§ **WORK INSTRUCTION**
Each line in the material below must be transcribed exactly; no picture belongs in the copy.

§ **DATA BLOCK**
BEGIN
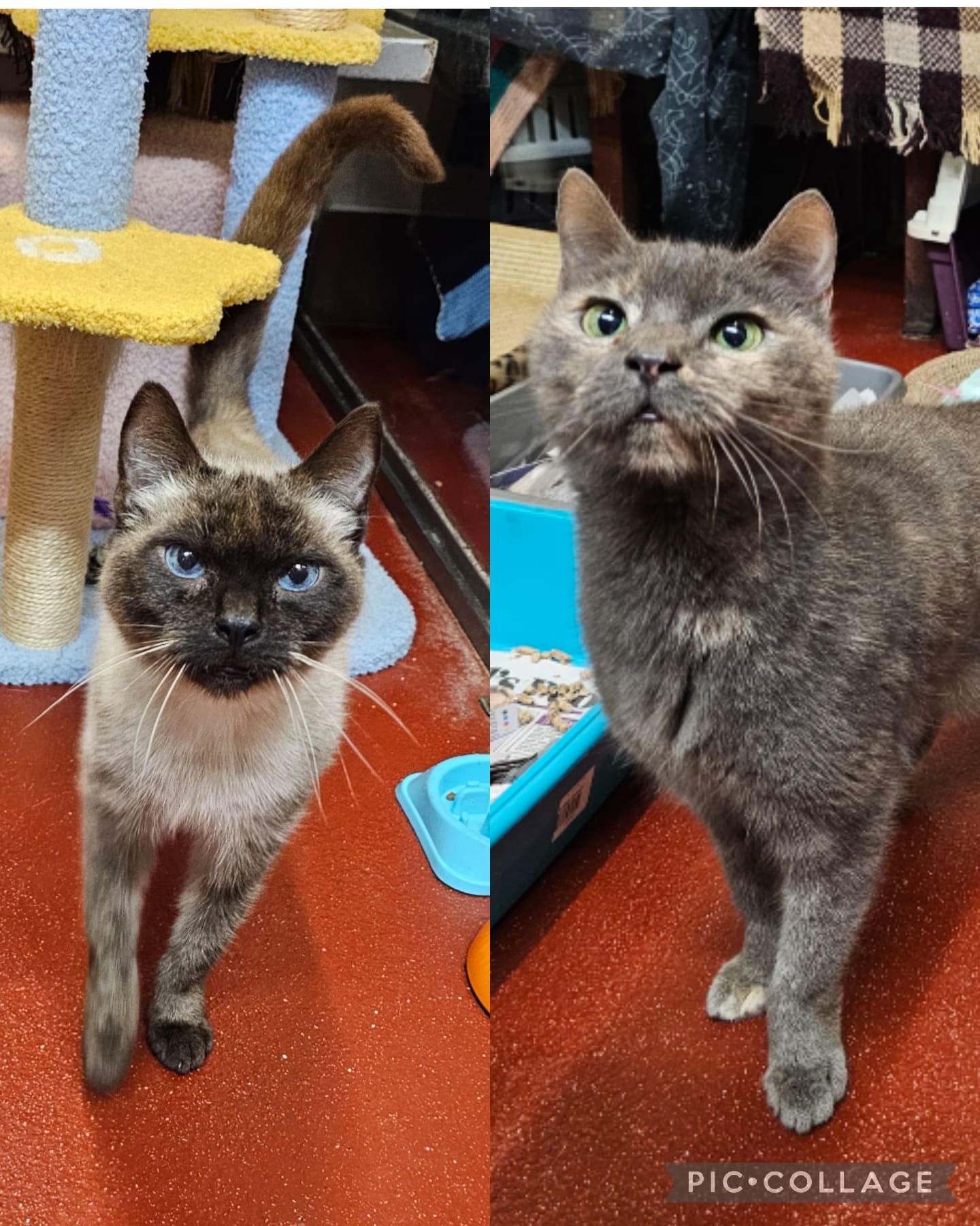 Max is an 8 year old grey torti and Tips is an 8 year old seal point
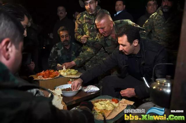 ▲巴沙尔总统在前线和士兵一起就餐
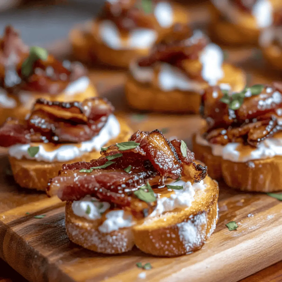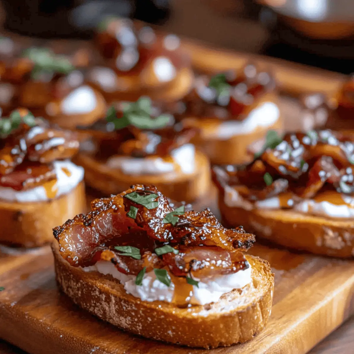 Walking into the kitchen, I was greeted by the irresistible aroma of sweet, spicy candied bacon sizzling away in the oven. Inspired by a desire to elevate my appetizer game, I dove into creating what I now call my Million Dollar Bacon Crostini. This delightful recipe is a true crowd-pleaser, pairing crisp baguette slices with luscious goat cheese and that sticky bacon magic. In under an hour, you can whip up this elegant yet easy dish that transforms any gathering into a culinary event. Plus, with options for gluten-free bread and ingredient substitutions, everyone can join in on the deliciousness. Are you ready to impress your friends with this delectable twist on classic crostini? Why Are Million Dollar Bacon Crostini Irresistible? Unforgettable Flavor: With the perfect blend of sweet and spicy, each bite bursts with unique taste that will leave your guests craving more. Easy to Prepare: This recipe comes together quickly, making it ideal for both novice cooks and seasoned chefs. In less than an hour, you’ll have a stunning appetizer ready to serve! Flexible Ingredients: Whether you need a gluten-free option or want to swap out goat cheese for cream cheese, this recipe adapts to your dietary needs, ensuring everyone can enjoy it. Crowd-Pleasing Appeal: These crostinis are guaranteed to be a hit at parties or family gatherings—trust me, they won’t last long on the table! For another easy recipe that you can whip up in a flash, check out my delicious Tomato Bacon Pasta. Elevated Presentation: The combination of crispy bread, creamy cheese, and vibrant herbs creates a dish that looks as fabulous as it tastes, making it perfect for impressing guests. Million Dollar Bacon Crostini Ingredients • Gather these must-have ingredients to create your impressive million dollar bacon crostini! For the Bacon Thick-cut bacon – Adds savory depth and crunch; substitute with turkey bacon for a lighter option. Brown sugar – Sweetness to balance the saltiness of bacon; coconut sugar can be used for a healthier version. Water – Helps dissolve and activate the sugar for that perfect candied texture. Black pepper – Provides mild heat and depth. Cayenne pepper – Adds an optional kick; omit if you prefer a milder dish. Red pepper flakes – Optional for extra heat; adjust according to your taste. For the Crostini Baguette (1 large) – The base for crostini, creating a crunchy canvas; slice into 24 rounds for perfect servings. Olive oil – Used for brushing the bread to enhance flavor before toasting. Salt and pepper – Essential for seasoning those crispy baguette slices. For the Topping Goat cheese log (8 oz) – Offers tangy creaminess; blend with cream cheese for a milder taste if desired. Maple syrup, honey, or hot honey – For drizzling, adds a delightful sweetness that complements the bacon beautifully. Fresh herbs (thyme or chives) – Optional garnishes for added flavor and visual appeal. Candied pecans – Optional for an extra crunch and a touch of sweetness. With these flavorful components, you’ll soon be delighting your taste buds with the irresistible million dollar bacon crostini! Step‑by‑Step Instructions for Million Dollar Bacon Crostini Step 1: Preheat the Oven Start by preheating your oven to 375°F (190°C). Line a baking sheet with foil to catch drippings, and place a wire rack atop it. This setup allows the grease to drain away, ensuring the bacon becomes wonderfully crispy while baking, perfect for your Million Dollar Bacon Crostini. Step 2: Prepare the Bacon Coating In a mixing bowl, blend together 1/2 cup of brown sugar, 2 tablespoons of water, and seasonings like black pepper, cayenne, and red pepper flakes. This sweet and spicy mixture will coat your strips of thick-cut bacon beautifully. Make sure each strip is thoroughly dredged to ensure maximum flavor and caramelization during baking. Step 3: Bake the Bacon Lay the coated bacon strips evenly on the wire rack and slide them into the preheated oven. Allow them to bake for 25–30 minutes, flipping halfway through for even crispiness. You’ll know they’re ready when they are beautifully caramelized and crispy, filling your kitchen with an irresistible aroma. Step 4: Toast the Baguette Slices While the bacon bakes, slice the baguette into 24 rounds about 1/2 inch thick. Lightly brush each slice with olive oil and season with a sprinkle of salt and pepper. Place them on a separate baking sheet and toast in the oven for 8–10 minutes until they are golden-brown and crispy—this will be the perfect crunchy base for your Million Dollar Bacon Crostini. Step 5: Assemble the Crostini Once the bacon has cooled slightly, chop it into bite-sized pieces. Grab your toasted baguette slices and generously spread tangy goat cheese over each one. Top with the chopped candied bacon pieces, and finish by drizzling with maple syrup or honey for a delightful sweetness that enhances the savory components. Step 6: Garnish and Serve To elevate your Million Dollar Bacon Crostini, add fresh herbs like thyme or chives, and sprinkle on some candied pecans, if using. These garnishes not only add flavor but also a beautiful presentation. Serve immediately while the crostini are warm and the flavors are at their peak for an unforgettable appetizer experience. Million Dollar Bacon Crostini Variations Feel free to let your creativity shine and customize these Million Dollar Bacon Crostini for a delightful twist! Dairy-Free: Substitute goat cheese with a cashew-based cheese for a creamy texture without the dairy. Gluten-Free: Use gluten-free baguette options to make this delicious crostini suitable for everyone. Spicy Kick: Add sliced jalapeños or a dash of sriracha on top to amp up the heat and flavor profile. Sweet & Savory: Experiment with different drizzles like balsamic glaze or agave syrup for a unique sweet contrast. Veggie Boost: Top the crostini with sliced roasted red peppers or sautéed mushrooms for an earthy flavor twist.
END
§ **YOUR RESPONSE**
 Max is an 8 year old grey torti and Tips is an 8 year old seal point
 ▲巴沙尔总统在前线和士兵一起就餐
 Walking into the kitchen, I was greeted by the irresistible aroma of sweet, spicy candied bacon sizzling away in the oven. Inspired by a desire to elevate my appetizer game, I dove into creating what I now call my Million Dollar Bacon Crostini. This delightful recipe is a true crowd-pleaser, pairing crisp baguette slices with luscious goat cheese and that sticky bacon magic. In under an hour, you can whip up this elegant yet easy dish that transforms any gathering into a culinary event. Plus, with options for gluten-free bread and ingredient substitutions, everyone can join in on the deliciousness. Are you ready to impress your friends with this delectable twist on classic crostini? Why Are Million Dollar Bacon Crostini Irresistible? Unforgettable Flavor: With the perfect blend of sweet and spicy, each bite bursts with unique taste that will leave your guests craving more. Easy to Prepare: This recipe comes together quickly, making it ideal for both novice cooks and seasoned chefs. In less than an hour, you’ll have a stunning appetizer ready to serve! Flexible Ingredients: Whether you need a gluten-free option or want to swap out goat cheese for cream cheese, this recipe adapts to your dietary needs, ensuring everyone can enjoy it. Crowd-Pleasing Appeal: These crostinis are guaranteed to be a hit at parties or family gatherings—trust me, they won’t last long on the table! For another easy recipe that you can whip up in a flash, check out my delicious Tomato Bacon Pasta. Elevated Presentation: The combination of crispy bread, creamy cheese, and vibrant herbs creates a dish that looks as fabulous as it tastes, making it perfect for impressing guests. Million Dollar Bacon Crostini Ingredients • Gather these must-have ingredients to create your impressive million dollar bacon crostini! For the Bacon Thick-cut bacon – Adds savory depth and crunch; substitute with turkey bacon for a lighter option. Brown sugar – Sweetness to balance the saltiness of bacon; coconut sugar can be used for a healthier version. Water – Helps dissolve and activate the sugar for that perfect candied texture. Black pepper – Provides mild heat and depth. Cayenne pepper – Adds an optional kick; omit if you prefer a milder dish. Red pepper flakes – Optional for extra heat; adjust according to your taste. For the Crostini Baguette (1 large) – The base for crostini, creating a crunchy canvas; slice into 24 rounds for perfect servings. Olive oil – Used for brushing the bread to enhance flavor before toasting. Salt and pepper – Essential for seasoning those crispy baguette slices. For the Topping Goat cheese log (8 oz) – Offers tangy creaminess; blend with cream cheese for a milder taste if desired. Maple syrup, honey, or hot honey – For drizzling, adds a delightful sweetness that complements the bacon beautifully. Fresh herbs (thyme or chives) – Optional garnishes for added flavor and visual appeal. Candied pecans – Optional for an extra crunch and a touch of sweetness. With these flavorful components, you’ll soon be delighting your taste buds with the irresistible million dollar bacon crostini! Step‑by‑Step Instructions for Million Dollar Bacon Crostini Step 1: Preheat the Oven Start by preheating your oven to 375°F (190°C). Line a baking sheet with foil to catch drippings, and place a wire rack atop it. This setup allows the grease to drain away, ensuring the bacon becomes wonderfully crispy while baking, perfect for your Million Dollar Bacon Crostini. Step 2: Prepare the Bacon Coating In a mixing bowl, blend together 1/2 cup of brown sugar, 2 tablespoons of water, and seasonings like black pepper, cayenne, and red pepper flakes. This sweet and spicy mixture will coat your strips of thick-cut bacon beautifully. Make sure each strip is thoroughly dredged to ensure maximum flavor and caramelization during baking. Step 3: Bake the Bacon Lay the coated bacon strips evenly on the wire rack and slide them into the preheated oven. Allow them to bake for 25–30 minutes, flipping halfway through for even crispiness. You’ll know they’re ready when they are beautifully caramelized and crispy, filling your kitchen with an irresistible aroma. Step 4: Toast the Baguette Slices While the bacon bakes, slice the baguette into 24 rounds about 1/2 inch thick. Lightly brush each slice with olive oil and season with a sprinkle of salt and pepper. Place them on a separate baking sheet and toast in the oven for 8–10 minutes until they are golden-brown and crispy—this will be the perfect crunchy base for your Million Dollar Bacon Crostini. Step 5: Assemble the Crostini Once the bacon has cooled slightly, chop it into bite-sized pieces. Grab your toasted baguette slices and generously spread tangy goat cheese over each one. Top with the chopped candied bacon pieces, and finish by drizzling with maple syrup or honey for a delightful sweetness that enhances the savory components. Step 6: Garnish and Serve To elevate your Million Dollar Bacon Crostini, add fresh herbs like thyme or chives, and sprinkle on some candied pecans, if using. These garnishes not only add flavor but also a beautiful presentation. Serve immediately while the crostini are warm and the flavors are at their peak for an unforgettable appetizer experience. Million Dollar Bacon Crostini Variations Feel free to let your creativity shine and customize these Million Dollar Bacon Crostini for a delightful twist! Dairy-Free: Substitute goat cheese with a cashew-based cheese for a creamy texture without the dairy. Gluten-Free: Use gluten-free baguette options to make this delicious crostini suitable for everyone. Spicy Kick: Add sliced jalapeños or a dash of sriracha on top to amp up the heat and flavor profile. Sweet & Savory: Experiment with different drizzles like balsamic glaze or agave syrup for a unique sweet contrast. Veggie Boost: Top the crostini with sliced roasted red peppers or sautéed mushrooms for an earthy flavor twist.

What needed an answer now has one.